Dataset:

- Opening Delimiter -

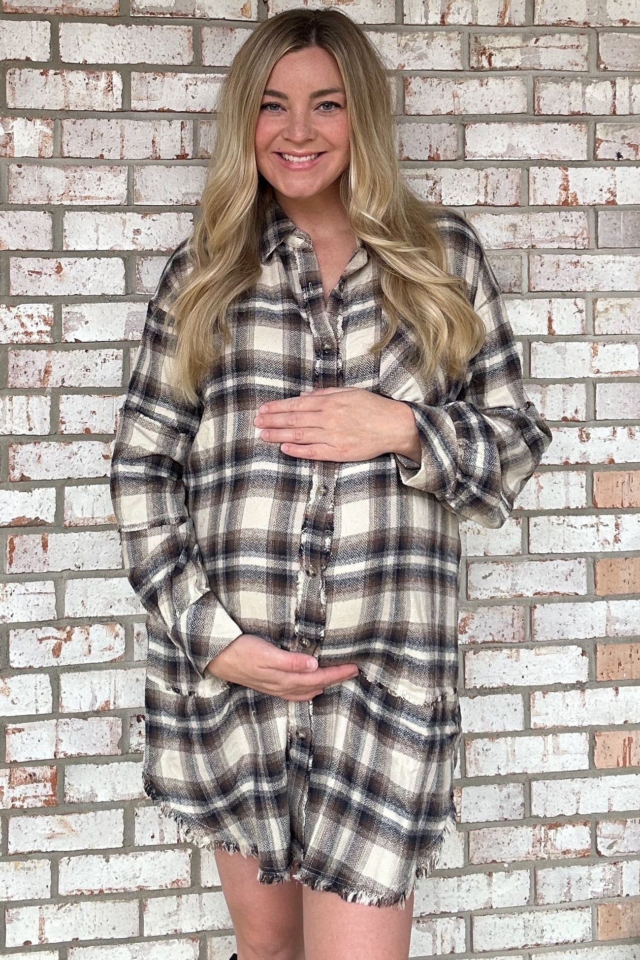 Taupe Plaid Button Down Raw Hem Maternity Dress
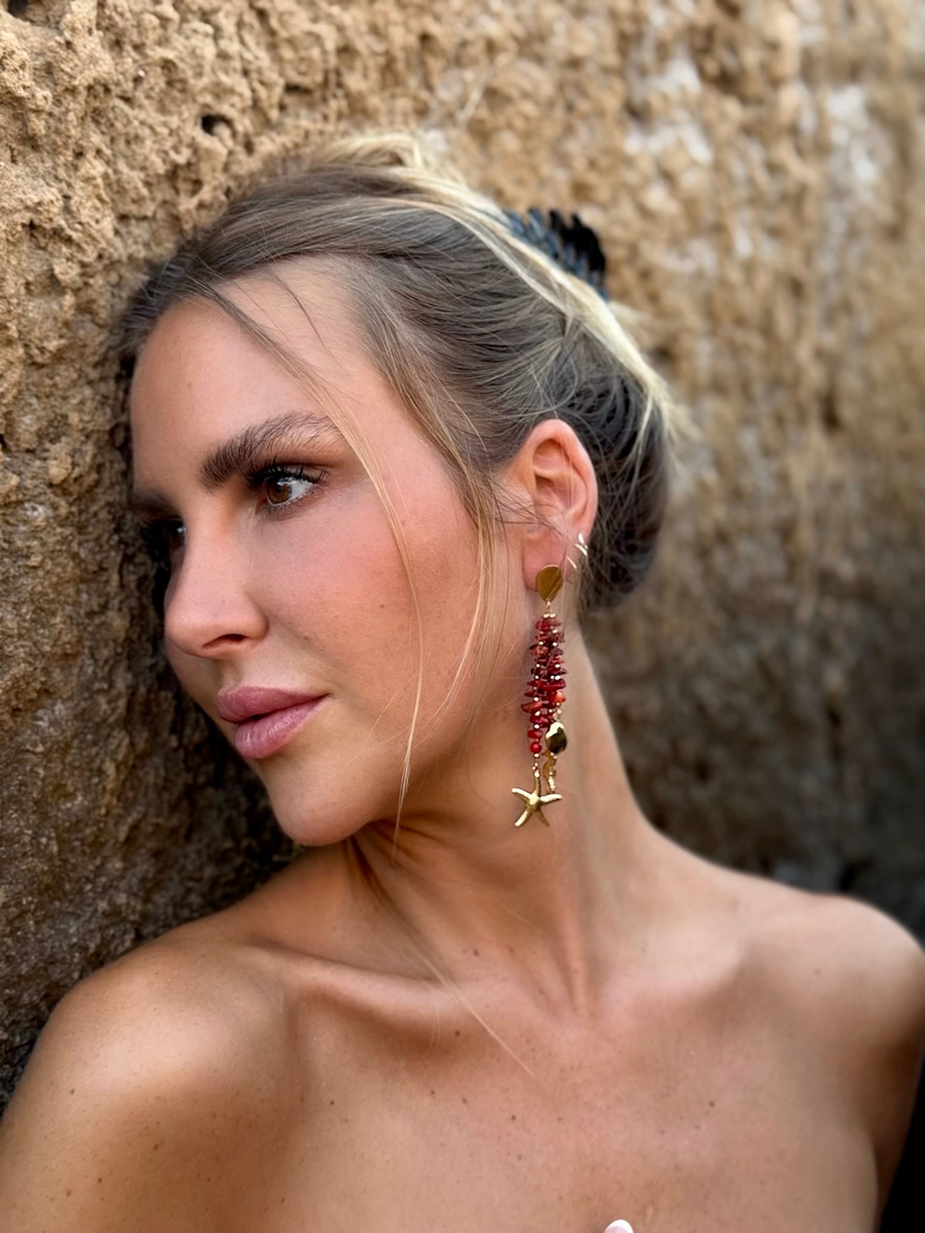 Inspirados en la vibrante esencia caribeña de la isla de Martinica, estos pendientes capturan la calidez del sol y el encanto del mar. Con cuentas de coral rojo natural y colgantes dorados en forma de estrella de mar, caballito de mar y concha, evocan un paisaje tropical lleno de vida y color. Perfectos para llevar el espíritu del verano contigo todo el año.
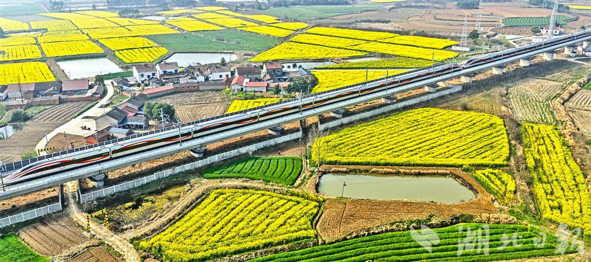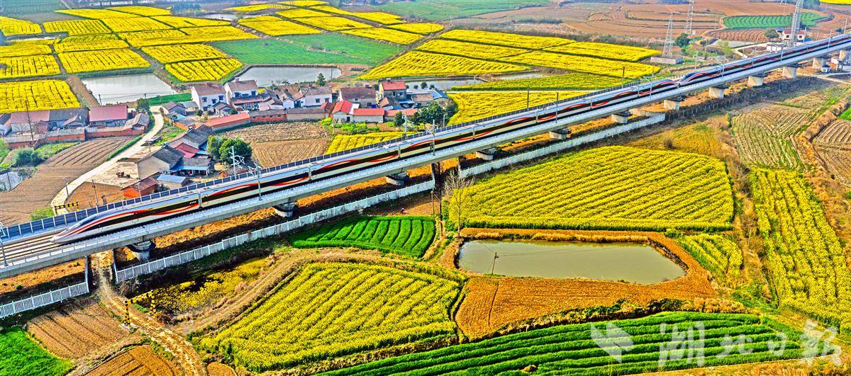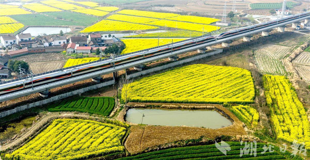 3月12日,宜昌当阳市庙前镇千亩油菜花迎春盛放,金黄花海随风翻涌,一列高铁呼啸穿行其间,勾勒出“春和景明、铁龙逐春”的荆楚春日画卷。
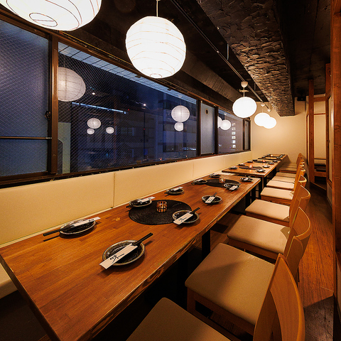 0から工事した店内はできたばかりなので清潔感もあって居心地は抜群!和の趣を感じさせる雰囲気の店内で備長炭を使用した炭火焼き料理をお楽しみください。広々とした完全個室も多数ご用意しております♪八重洲、日本橋エリアでの飲み会や宴会におすすめ♪(東京駅/八重洲/個室/居酒屋/焼き鳥/野菜巻き/飲み放題/歓送迎会/忘年会/新年会/宴会)
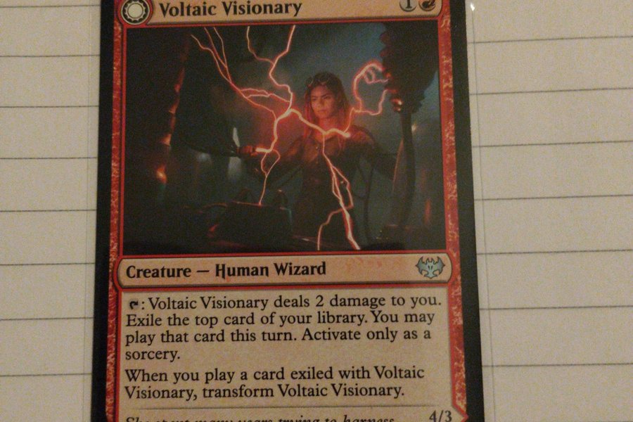Kortet är av typen "Creature - Human Wizard" och har förmågan att ge 2 skada till dig, exilera det översta kortet från ditt bibliotek och låta dig spela det kortet denna tur, men endast som en sorcery. När du spelar ett kort som exilerats med Voltaic Visionary, transformeras Voltaic Visionary. Kortet har styrkan 3/1.
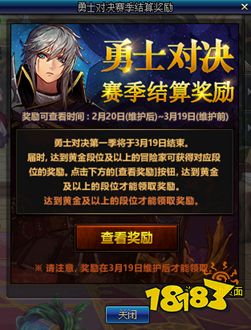 不知不觉间,勇士对决第一季也迎来了落幕。在3月19日,100级版本上线的同时,勇士对决第一季将自动结束。黄金及以上段位的勇士能获得对应段位的奖励,也是一个不错的结果。奖励在3月19日赛季结束后才能领取,各位小伙伴届时不要忘记领取哦!

- Closing Delimiter -

What the exercise asks:
Write out exactly the lines from the line that contains "Kortet är av" to the last line of the material above, both included; pictures do not belong in the copy.

Answer for this exercise:
Kortet är av typen "Creature - Human Wizard" och har förmågan att ge 2 skada till dig, exilera det översta kortet från ditt bibliotek och låta dig spela det kortet denna tur, men endast som en sorcery. När du spelar ett kort som exilerats med Voltaic Visionary, transformeras Voltaic Visionary. Kortet har styrkan 3/1.
 不知不觉间,勇士对决第一季也迎来了落幕。在3月19日,100级版本上线的同时,勇士对决第一季将自动结束。黄金及以上段位的勇士能获得对应段位的奖励,也是一个不错的结果。奖励在3月19日赛季结束后才能领取,各位小伙伴届时不要忘记领取哦!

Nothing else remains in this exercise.